Uno de los aspectos que más atención y debate ha recibido durante la explosión social es la educación. Esto no es de extrañar, ya que no solo los estudiantes de secundaria y universitarios han sido los principales actores movilizadores en este brote (y otros desde 2006), sino que el sistema educativo actual, a pesar de las múltiples reformas que ha sufrido, encarna y aún refleja las profundas desigualdades. en la sociedad chilena.

Hoy, con 20 profesores elegidos dentro de la convención constituyente, de un total de 155, sin duda la educación tendrá especial relevancia en el debate constitucional.

¿Cuáles deberían ser los principales cambios en este sector? Para responder a esta pregunta, entre SUMMA y la Iniciativa Global de Derechos Económicos, Sociales y Culturales, realizamos un estudio legislativo comparado, analizando más de 20 constituciones en el mundo y el derecho internacional relevante. Desde este punto de vista, la investigación revela diez temas críticos que deberían ser abordados por la nueva constitución. Entre las principales reformas necesarias se encuentran:

El interés superior de las niñas, los niños y los adolescentes debe estar por encima de los intereses de los propietarios de la escuela.

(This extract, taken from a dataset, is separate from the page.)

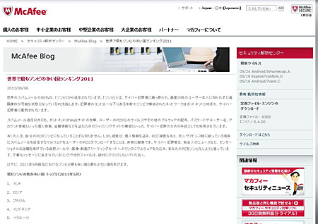 McAfee Labs ブログ「世界で最もゾンビの多い国ランキング2011」

1. Garantizar el derecho a la educación: la educación debe convertirse en un derecho justificable, como es el caso, por ejemplo, de Canadá, Finlandia y Japón. Hoy en día no es posible recurrir a los tribunales en caso de violación de este derecho, que la Constitución prevé para el caso de la libertad de educación, generando un desequilibrio. A su vez, como lo establece el marco internacional, el derecho a la educación debe garantizar la oferta gratuita y también su acceso sin discriminación, su calidad y su relevancia para el territorio y la población a la que atiende. Estas consideraciones están ausentes en la constitución actual.

Según su enfoque, el derecho a la educación debe entenderse como un derecho de por vida, cuyo objetivo no es solo el desarrollo pleno de la persona, sino también una sociedad democrática, inclusiva y justa. Finalmente, este derecho requiere el reconocimiento de que cada alumno debe ser apoyado de acuerdo a sus necesidades, para asegurar el fin de las brechas educativas actuales incompatibles con la verdadera igualdad de oportunidades. Por lo tanto, todos deben ser incluidos sin excepción, como se indica en el último informe de UNESCO y SUMMA sobre el monitoreo del derecho a la educación en América Latina.

2. Consolidar el rol del Estado: desde 1980 Chile es uno de los países más privatizados del mundo en materia de educación escolar y universitaria. El debilitamiento constitucional del rol estatal y su limitación a uno subsidiario explica en parte los altos niveles de desigualdad y segregación en el sistema educativo. Para revertir esta situación, de acuerdo con las diversas constituciones del mundo (alemana, francesa, finlandesa), el Estado debe ser reconocido como garante y preferencial de la educación pública, como lo hicieron las anteriores constituciones de Chile (1833 y 1925). Garantizar una educación pública justa, inclusiva y de calidad debe ser la máxima prioridad del Estado chileno en esta área.

3. Redefinir la libertad de educación, sometiéndola al derecho a la educación: El interés superior de las niñas, niños y adolescentes debe estar por encima de los intereses de los dueños de las escuelas. La libertad de educación debe subordinarse al derecho a la educación, contrario a lo que ocurre hoy en la constitución chilena. Se debe reconocer la libertad de enseñanza para enriquecer las propuestas educativas. Sin embargo, esto debe estar al servicio de un sistema educativo más innovador, que exprese mejor la diversidad de la sociedad y sus territorios, y no debe ejercerse para excluir, segregar y crear guetos socioculturales.

El debate constitucional acaba de comenzar, esperamos que los votantes y la sociedad chilena aprovechen esta oportunidad histórica. Es fundamental poder canalizar el descontento social a nivel institucional. Sabemos que la constitución no resolverá mágicamente todos los problemas, pero es un paso fundamental en el camino hacia la construcción de una sociedad más democrática, cohesionada y justa.

Javier González Es director del Laboratorio de Investigación e Innovación en Educación para América Latina y el Caribe, SUMMA, y profesor afiliado de la Universidad de Cambridge; sí Rafael Carrasco es subdirector de SUMMA.